▶ **WHAT NEEDS TO BE DONE**
Give all of the listing again word for word, with images excluded.

▶ **SUPPLIED DATA**
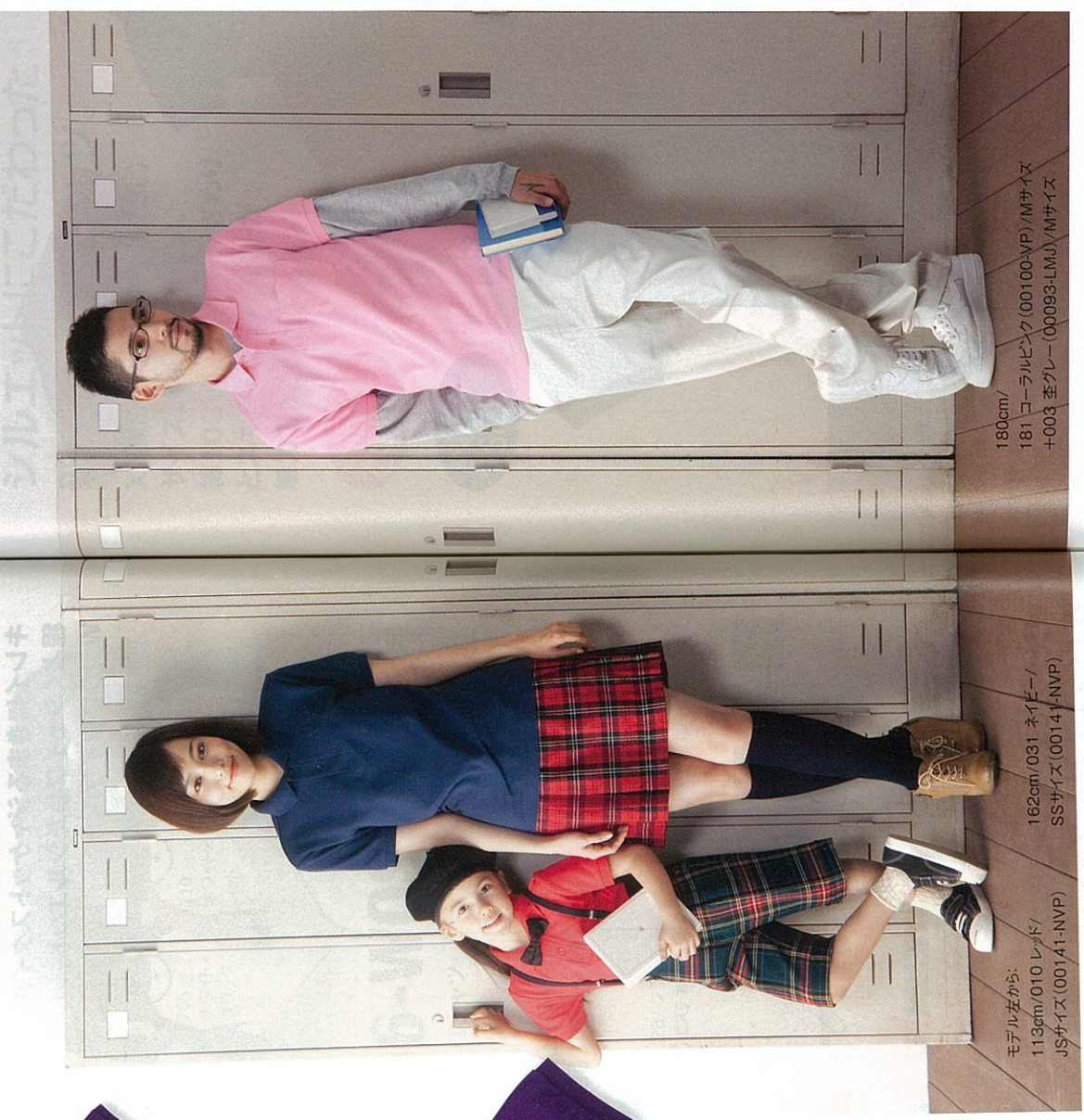
モデル左から: 113cm/010 レッド/ JSサイズ (00141-NVP)

編地の解説 紺=綿 白=ポリエステル 肌側に吸汗性に優れたポリエステル糸を使用。外側は凸状をしており、表面積が大きく、吸収した汗を速やかに乾燥させます。また、綿糸を交織させることで肌触りや吸湿性を高め、快適な着用感が得られます。
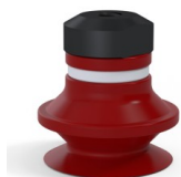
Referência da variação:
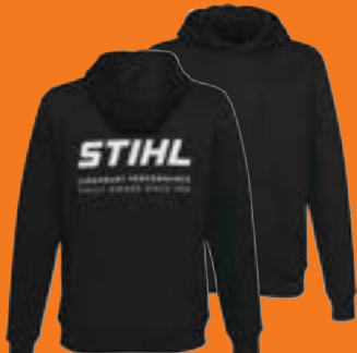
HOODIE »BACK LOGO« UNISEX

Schwarzer Hoodie mit innen aufgetrautem, weichem Sweat-Stoff, zusätzlichen seitlichen Zipper-Taschen in der Bauchtasche, STIHL Logo mit »LEGENDARY PERFORMANCE«-Schriftzug in Weiß auf dem Rücken. 60 % Baumwolle, 40 % Polyester
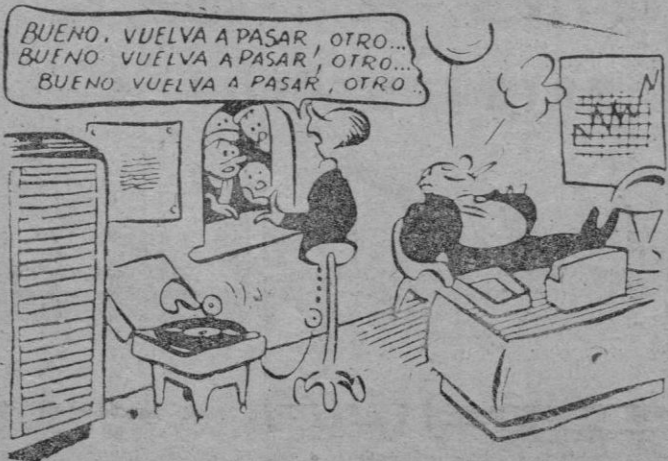
OFICINA PUBLICA (De "Marc'Aurelio" Roma)
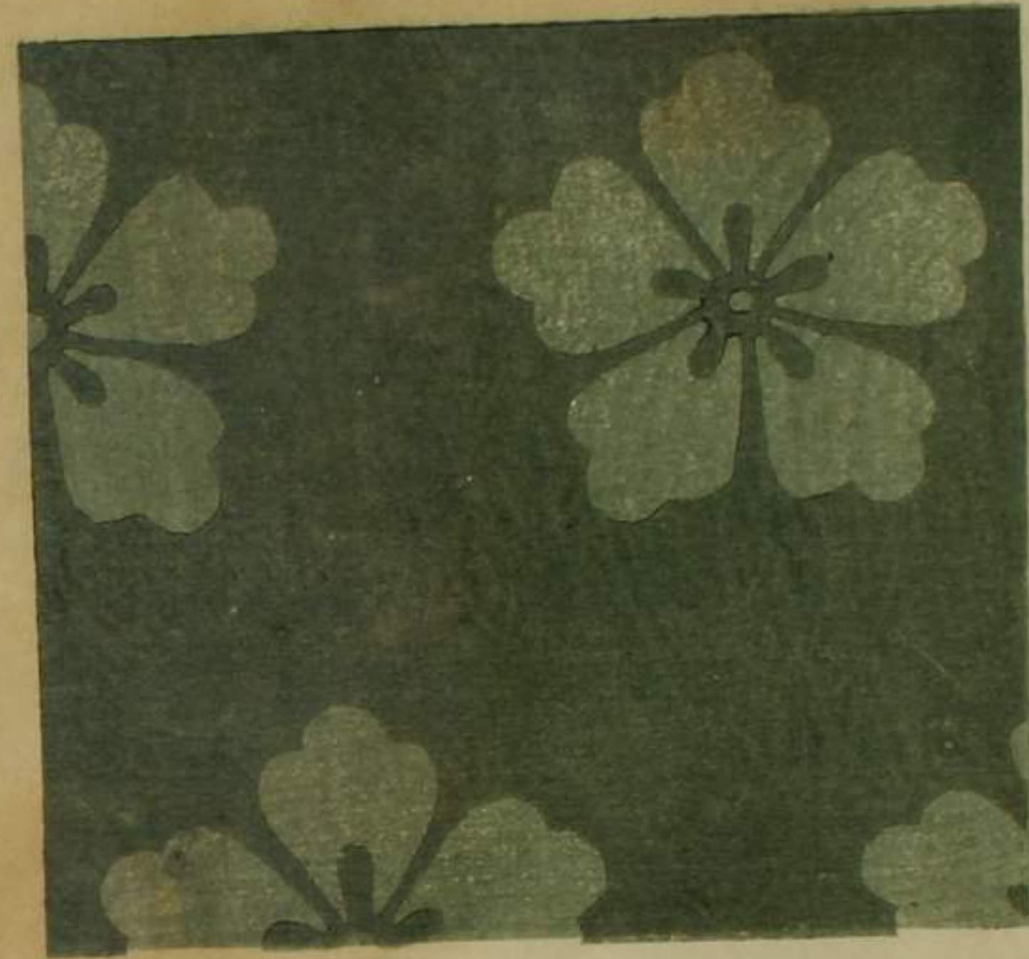
表 着 浮前 織木 物 裏 紅 平 繪

▶ **RESULT**
モデル左から: 113cm/010 レッド/ JSサイズ (00141-NVP)

編地の解説 紺=綿 白=ポリエステル 肌側に吸汗性に優れたポリエステル糸を使用。外側は凸状をしており、表面積が大きく、吸収した汗を速やかに乾燥させます。また、綿糸を交織させることで肌触りや吸湿性を高め、快適な着用感が得られます。
Referência da variação:
HOODIE »BACK LOGO« UNISEX

Schwarzer Hoodie mit innen aufgetrautem, weichem Sweat-Stoff, zusätzlichen seitlichen Zipper-Taschen in der Bauchtasche, STIHL Logo mit »LEGENDARY PERFORMANCE«-Schriftzug in Weiß auf dem Rücken. 60 % Baumwolle, 40 % Polyester
OFICINA PUBLICA (De "Marc'Aurelio" Roma)
表 着 浮前 織木 物 裏 紅 平 繪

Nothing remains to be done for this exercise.